There’s something about getting away from it all that brings people together. For the second year in a row, Gathering took place in the middle of nowhere, outside a town nobody’s heard of. This time home base was a nondescript field in Montezuma County, in the very southwest corner of Colorado.
With a population of just 1,200, Mancos is one of those places you can drive past without noticing but when given the opportunity, can be a real charmer. It doesn’t have the pizzaz of nearby Durango, 30 minutes to the east, but that’s why it’s worth turning off route 160 to cruise its charming main street.
Despite its proximity to some of the most well-known trails in the world such as Hermosa Creek and Phil’s World, as well as sitting smack dab between the hometowns of two of the biggest legends in the sport – Ned Overend and John Tomac – Mancos has managed to stay mostly off the radar.
Which, at least can be partly explained by the fact that the trails there are not for the faint of heart – and they’re remote. With two mandatory hike-a-bike sections and loose, rutted descents, this year’s ride was a proper backcountry alpine adventure. It was more about surviving the loop unscathed than ripping sculpted berms. But with a front row view of the towering San Juan mountains, these rugged trails were well worth the effort and a welcome reprieve from the expected.
After Friday’s welcome dinner, which included Yeti CEO, Chris Conroy starting a chorus of 400 singing happy birthday to a man who’s been coming to Gathering for nearly 15 years, riders mostly took it easy, choosing to turn in early in preparation for Saturday’s ride. Toasts were made but the real celebration would have to wait until the next evening.
Saturday’s ride began at 8,500 feet with an initial climb mellow enough to get the legs warmed up for the next almost eleven-mile ascent to the high point of 11,000 feet. Much of the climb was on moderate ATV-width trail, allowing for plenty of socializing to pass the time and filter out the pain.

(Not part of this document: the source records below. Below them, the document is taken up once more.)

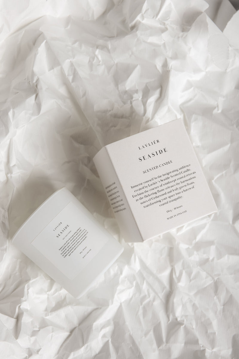 Huolellisesti Suomessa kehitetty tuoksu, laadukkaasta vahasta valmistettu vegaaninen Lavliér Seaside tuoksukynttilä palaa puhtaasti ja tasaisesti.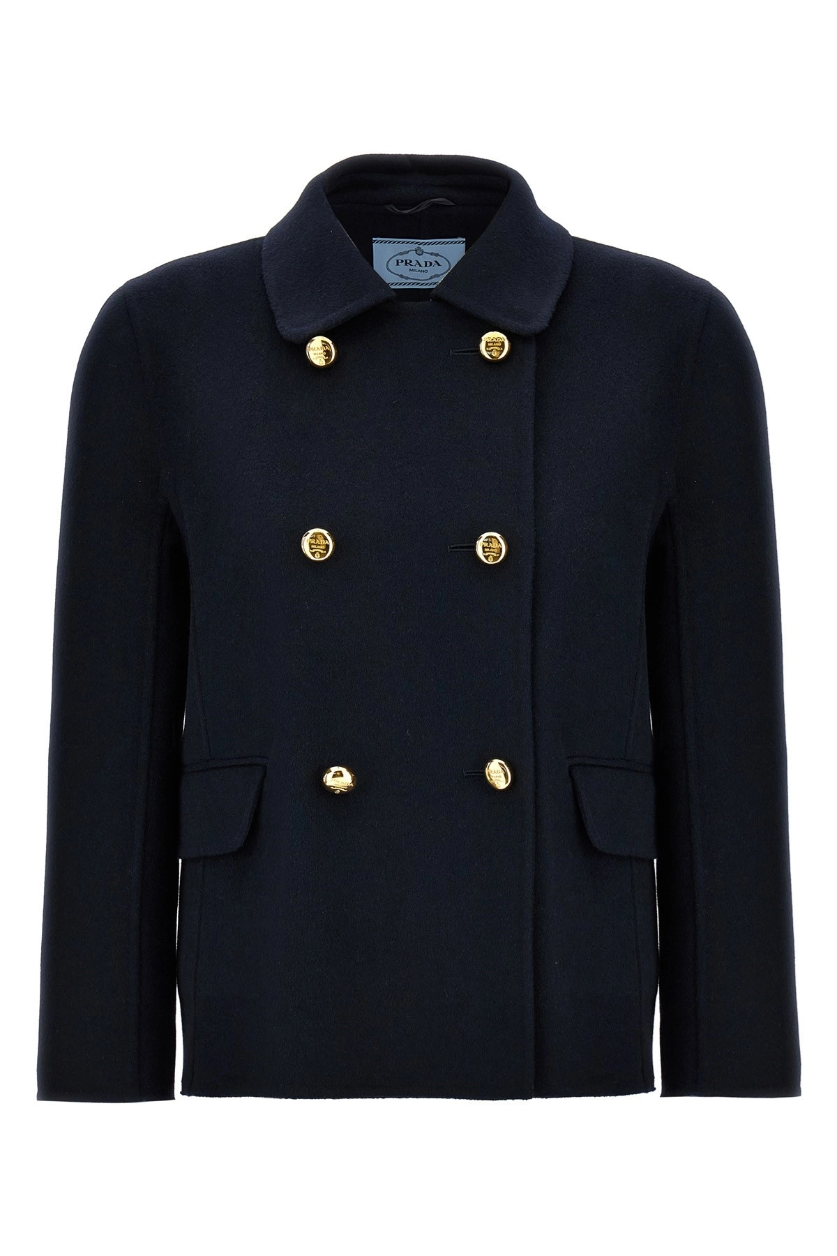 cod. P536PSOOO13FYF0008 Double-breasted cashgora coat with logo button closure, flap pockets, back metal logo applique, long sleeves. Color: Blue Size & Fit: true to size fit Composition: 55% wv, 40% wa, 5% wc Made in: Italy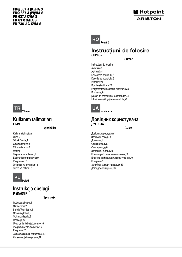 FKQ 637 J (K)/HA S FKQ 637 J (W)/HA S FK 637J X/HA S FK 63 C X/HA S FK 736 J C X/HA S Română Instrucţiuni de folosire CUPTOR Sumar Instrucţiuni de folosire,1 Avertizări,3 Asistenţă,4 Descrierea aparatului,5 Descrierea aparatului,6 Instalare,21 Pornire şi utilizare,23 Programator de coacere electronic,23 Programe,24 Măsuri de precauţie şi recomandări,26 Întreţinerea şi îngrijirea aparatului,26 Iталiиська Türkçe Kullanım talimatları FIRIN İçindekiler Kullanım talimatları,1 Uyarı,2 Teknik Servis,4 Cihazın tanıtımı,5 Cihazın tanıtımı,6 Montaj,7 Başlatma ve kullanım,9 Elektronik programlayıcı,9 Programlar,10 Önlemler ve tavsiyeler,12 Servis ve bakım,12 ДУХОВКА Зміст Довідник користувача,1 Запобіжні заходи,3 Допомога,4 Опис приладу,5 Опис приладу,6 Загальний вигляд,28 Початок роботи та використання,30 Електронний програматор готування,30 Програми,31 Запобіжні заходи та поради,33 Догляд та очищення,33 Polski Instrukcja obsługi PIEKARNIK Довідник користувача Spis treści Instrukcja obsługi,1 Ostrzezenia,2 Serwis Techniczny,4 Opis urządzenia,5 Opis urządzenia,6 Instalacja,14 Uruchomienie i użytkowanie,16 Programator elektroniczny,16 Programy,17 Zalecenia i środki ostrożności,19 Konserwacja i utrzymanie,19 Uyarı Ostrzezenia DİKKAT: Bu cihaz ve erişilebilen bölümleri, kullanım sırasında çok sıcak olur.Dikkat etmek ve ısıtılan parçalara dokunmaktan kaçınmak gerekir.Eğer sürekli olarak gözetim altında değiller ise, 8 yaşından küçük çocukları uzak tutunuz.Bu cihaz, eğer uygun şekilde gözetim altında bulunuyorlar ise veya güvenli şekilde cihazın kullanımı hakkında eğitim almışlar ise ve ilişkin tehlikeler göz önünde bulundurulur ise, 8 yaşından itibaren çocuklar ve fiziksel, duyusal veya mental kapasitelerden yoksun veya tecrübe ve bilgi sahibi olmayan kişiler tarafından kullanılabilir. Çocuklar, cihaz ile oynamamalıdır. Temizlik ve bakım işlemleri, denetimsiz olarak çocuklar tarafından gerçekleştirilmemelidir. UWAGA: To urządzenie oraz jego dostępne części silnie się rozgrzewają podczas użytkowania.Należy uważać, aby nie dotknąć elementów grzejnych. Nie pozwalać, aby dzieci poniżej 8 roku życia zbliżały się do urządzenia, jeśli nie są pod stałym nadzorem dorosłych.Z niniejszego urządzenia mogą korzystać dzieci powyżej 8 roku życia i osoby o ograniczonych zdolnościach fizycznych, zmysłowych bądź umysłowych, jak również osoby nieposiadające doświadczenia lub znajomości urządzenia, jeśli znajdują się one pod nadzorem innych osób lub jeśli zostały pouczone na temat bezpiecznego sposobu użycia urządzenia oraz zdają sobie sprawę ze związanych z nim zagrożeń. Dzieci nie powinny bawić się urządzeniem. Prace związane z czyszczeniem i konserwacją nie mogą być wykonywane przez dzieci, jeśli nie są one nadzorowane. Camın parçalanmasına neden olarak yüzeyi çizebileceğinden, fırının cam kapağını temizlemek için aşındırıcı ürünler ve kesici metal spatulalar kullanmayınız. Cihazı temizlerken asla buharlı yada yüksek basınçlı temizleyiciler kullanmayınız. DİKKAT: Muhtemel elektrik çarpmalarının önüne geçmek için lambayı yenisi ile değiştirmeden önce, cihazın sönük olduğundan emin olunuz. ! Izgara takıldığı zaman, kilidin yukarı doğru dönük ve yuvanın arka tarafında olduğundan emin olunuz. Nie stosować środków ściernych ani ostrych łopatek metalowych do czyszczenia szklanych drzwiczek piekarnika, ponieważ mogłyby porysować powierzchnię i spowodować pęknięcie szyby. Nie stosować nigdy oczyszczaczy parowych lub ciśnieniowych do czyszczenia urządzenia. UWAGA: Przed wymianą żarówki, należy się upewnić, że urządzenie jest wyłączone, aby uniknąć ryzyka porażenia prądem. ! Wsuwając ruszt, należy się upewnić, że ogranicznik jest skierowany ku górze i znajduje się on w tylnej części komory. 2 Avertizări Запобіжні заходи ATENŢIE: Acest aparat şi părţile sale accesibile devin foarte calde în timpul folosirii.Trebuie să fiţi atenţi şi să nu atingeţi elementele de încălzire.Îndepărtaţi copiii sub 8 ani dacă nu sunt supravegheaţi continuu.Acest aparat poate fi utilizat de copiii de peste 8 ani şi de persoane cu capacităţi fizice, senzoriale sau mentale reduse sau fără experienţă şi cunoştinţe dacă se află sub o supraveghere corespunzătoare sau dacă au fost instruiţi cu privire la folosirea aparatului în mod sigur şi dacă îşi dau seama de pericolele corelate. Copiii nu trebuie să se joace cu aparatul. Operaţiunile de curăţare şi de întreţinere nu trebuie să fie efectuate de copii fără supraveghere. УВАГА! Під час роботи цей прилад, а також його доступні частини нагріваються до високих температур. Слід бути особливо обережними, щоб не торкатися нагрівальних елементів. Діти віком до 8 років мають знаходитися на небезпечній відстані від приладу, якщо неможливо забезпечити постійний контроль над ними. Дозволяється користування цим приладом дітьми віком від 8 років, а також особами з обмеженими фізичними, сенсорними або розумовими можливостями або особами без належного досвіду і знань, якщо вони перебувають під постійним контролем або проінстр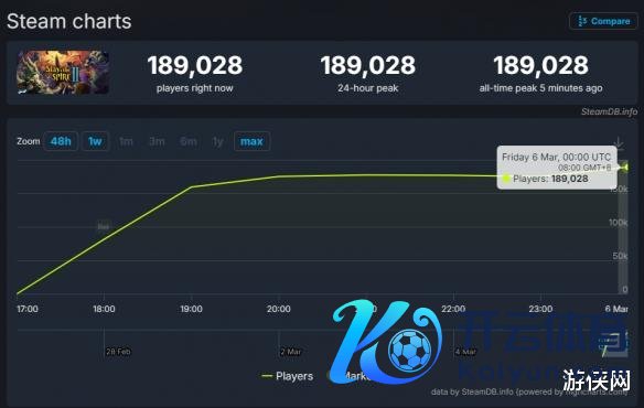 而游戏的优秀不仅体当今评价上,也体当今了热度上,阐发SteamDB的最新数据,《屠戮尖塔2》发售以后,其在线东谈主数峰值达到了近19万东谈主(189,028)东谈主,信服跟着周末沐日的到来,《屠戮尖塔2》的在线东谈主数一定能再攀缘峰!

The midway aid station, complete with Belgian waffles, Nutella, sizzling bacon, cold drinks, and a plethora of other snacks, fueled riders for the final torturous push to the top, where the climb went from social to straight up. Epic views and high fives were enjoyed at the high point, and riders settled in for “the descent.”

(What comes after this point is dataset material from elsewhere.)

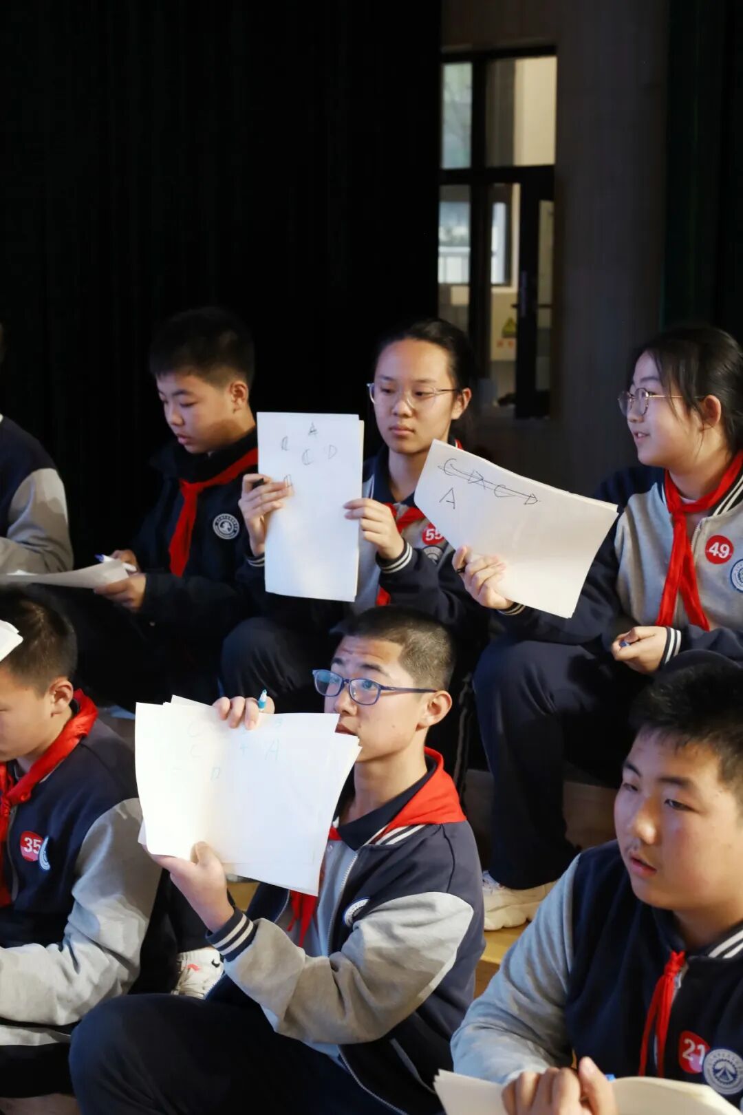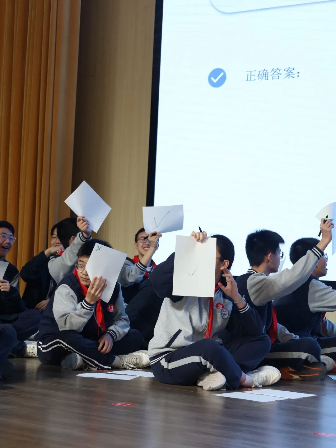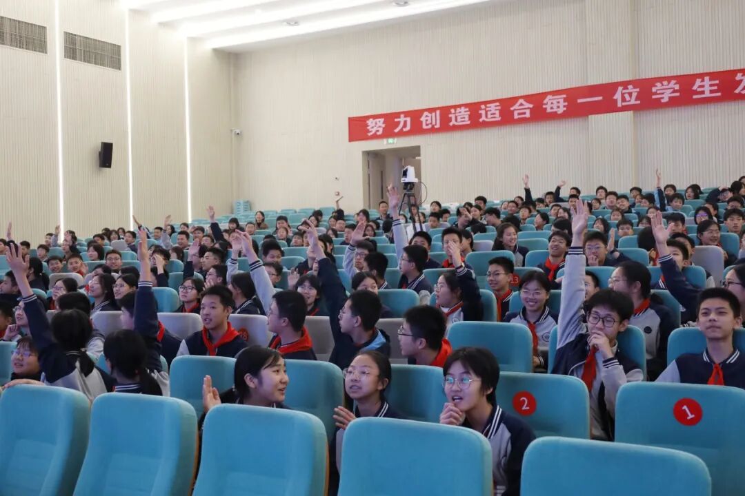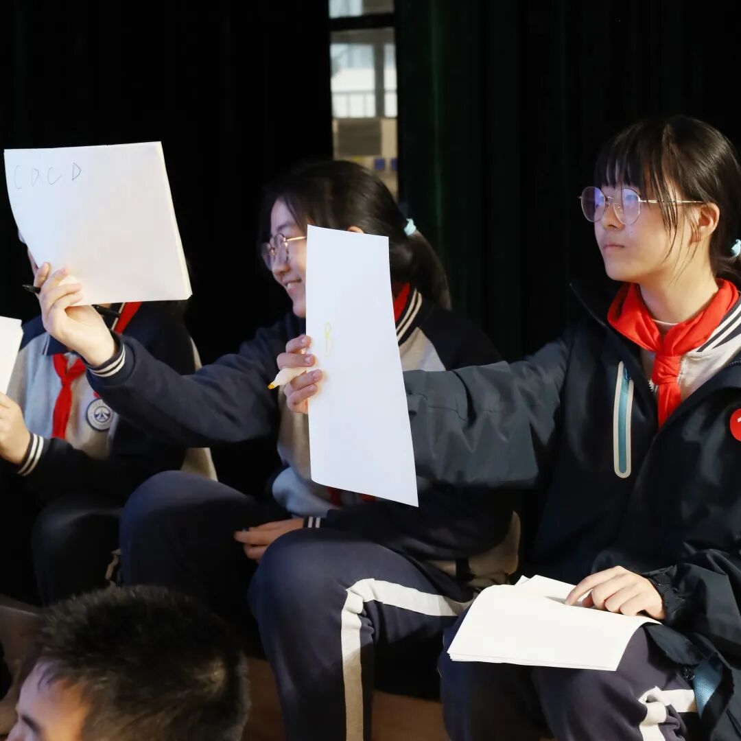 首轮比拼中,60位学子同台竞技。同学们目光坚定、自信满满,随着“答题时间到”的口令响起,大家迅速举起手中的答题纸。答对者欢呼雀跃,答错者虽遗憾离场,却也收获了掌声与鼓励。台下观众的热情助威,将现场气氛不断推向高潮。

A ripping first downhill on West Mancos trail lit the adrenalin fuse just in time for riders to run headlong into the first hike-a-bike of the day – 17 miles into the ride. Nearly a mile of arduously steep and loose hiking stood in the way of the real crown jewell: Box Canyon trail. The final descent down into Box Canyon delivered all the goods. High-speed flow through the trees opened up to meadows with expansive views. Primitive sections bordering on bushwhacking, led into fast, loose, puckery-steep moments dropping into the narrow canyon.
Once on the valley floor, one final hike-a-bike separated riders from their reward back at camp. As weary riders rolled back into the Gathering village, cheered on by the welcoming committee, individual suffering transformed to a shared accomplishment that united the entire camp. Dusty faces made their way to the beverage tent, where exhaustion made the Hoogaritas taste that much sweeter.
Re-energized by a hearty meal and Ska Brewing’s finest, the celebration kicked off and events were underway. This year’s mini bike race was a gravity-fed slalom that saw more slams than the ride itself. Foot-down, limbo, and bike toss drew equal crowds, and as the sun was setting on Gathering, the evening’s celebration was just beginning.